En el garaje de la casa ubicada en Isabel la Católica 1110, donde funciona los sábados el comedor Los Angeles de Rosa, el portón se encuentra abierto. Rosa Fontana se ve sorprendida por la visita de este diario y lo recibe con gestos de muy buena anfitriona. Está limpiando junto a su madre María Bonini e interrumpe las tareas para compartir un mate. 

En las calles del Barrio Olimpo se percibe la tranquilidad del verano. Aunque hace sólo cinco años que reside en el lugar, la referente del comedor es conocida por la gran mayoría de los vecinos, por no decir todos. Ayuda además a cuatro abuelos, que están solos, con una vianda diaria y cuenta que también “los baño los viernes, no tienen familia”. 
Relata que “cuando voy a llevarles comida o a bañarlos, tengo que salir después de comer porque vuelvo a las cuatro de la tarde; todos me invitan a tomar mate, me adora el barrio y yo adoro a la gente”.
La actividad del comedor no cambia en verano. “Seguimos todo el año”, señala Rosa. Además de brindar el almuerzo los sábados, se entregan 20 viandas para la noche a chicos de familias con mayores dificultades.

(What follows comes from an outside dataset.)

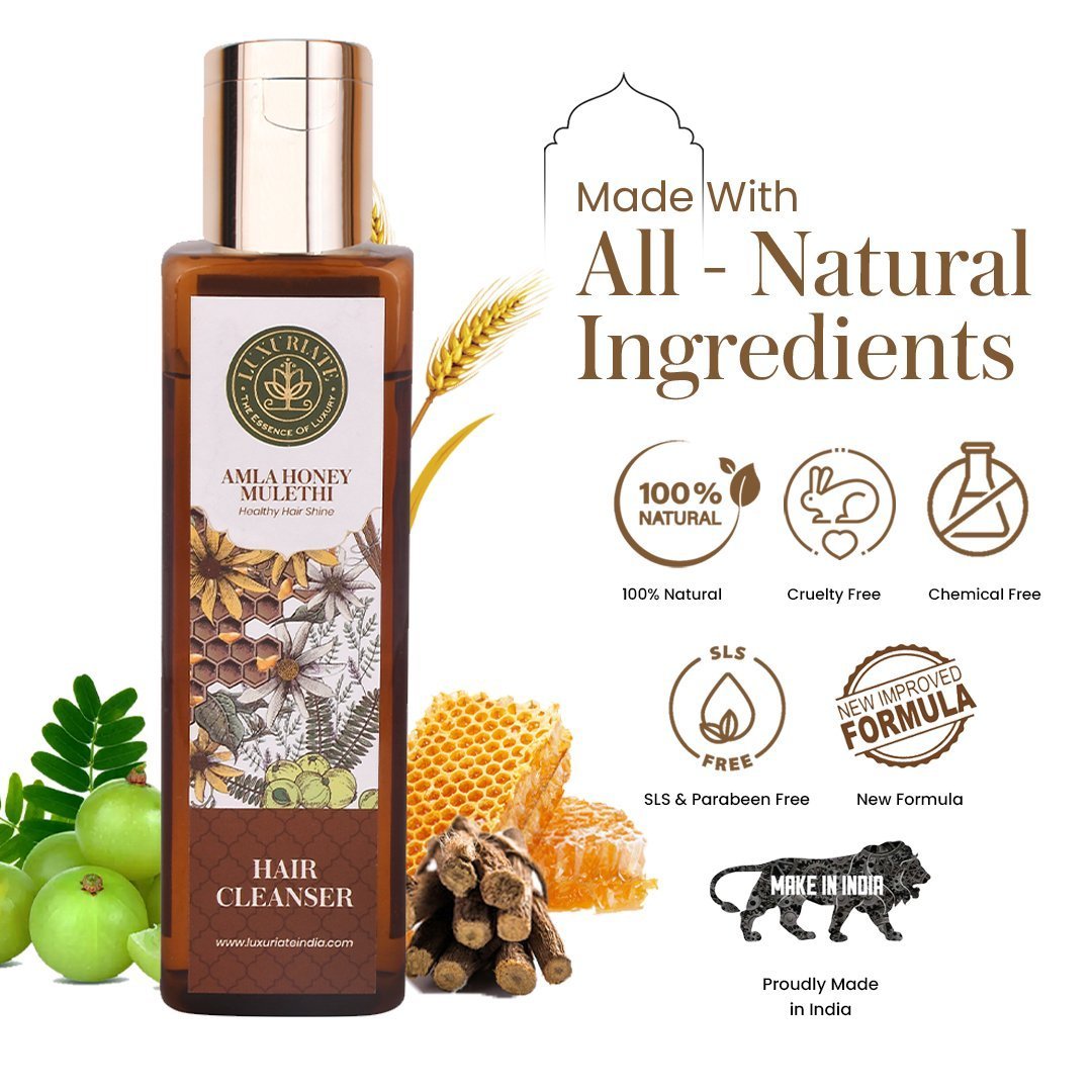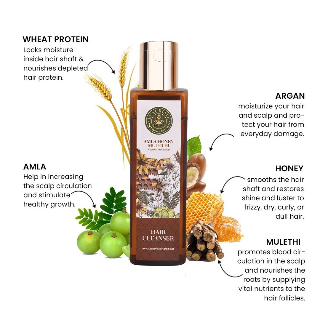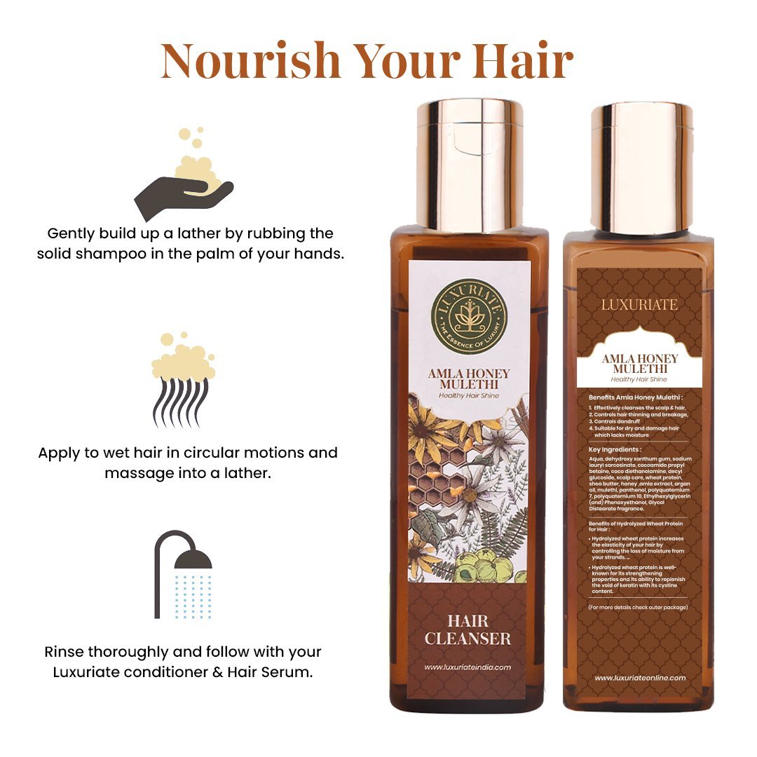 Luxuriate Amla Honey Mulethi Hair Cleanser is an excellent agent to support healthy hair growth. It reduces premature greying and also makes your hair shiny and beautiful. Amla and honey mixture, when applied to hair, can strengthen hair follicles and reduce dryness. It also stimulates hair growth to attain good volume. Rich in Vitamin C, Amla fruit extract conditions the hair making it healthy and smooth. Mulethi extracts detangle the hair.

Comenzó en el CIC de Olimpo en el año 2016 y en marzo va a cumplir dos años en su casa. “Empecé con 45 chicos, ahora tengo cien. Es doloroso contarlo, pero es lo que realmente pasa”, afirma. 
Organiza la comida en dos turnos, a las 11.30 y a las 12.15, para poder atender a todos. Comenta que “vienen del barrio y de otros lados cada tanto también, como de Ruta 3 Sur o de Los Ranchos. No le cierro las puertas a nadie”. 
Junto a los chicos, en ocasiones asiste un papá o una mamá. “A la gente que no tiene le doy –indica-. Hemos compartido, es una familia”. Y agrega que “en la semana ayudo cuando hace falta, me mandan papelitos porque no llegan al sábado. A su vez, hay gente que colabora conmigo. Entre todos lo podemos hacer”. 
Se muestra agradecida porque “en general me apoyan. Pero se me ha puesto difícil. El problema mío es que me hace falta mucha cantidad, mínimo diez kilos de carne, doce paquetes de fideos, diez cajas de puré de tomate. A veces no les puedo dar postre porque no tengo”. 
Habla especialmente de Delia Barragán, una compañera que trabaja a la par de ella y a quien considera su mano derecha. “Siempre estuvo conmigo, es muy buena persona. Si no fuera por ella…”, destaca. Al hacer referencia a las manos voluntarias que se suman, comenta que “las mamás vienen a veces y me ayudan a limpiar”. 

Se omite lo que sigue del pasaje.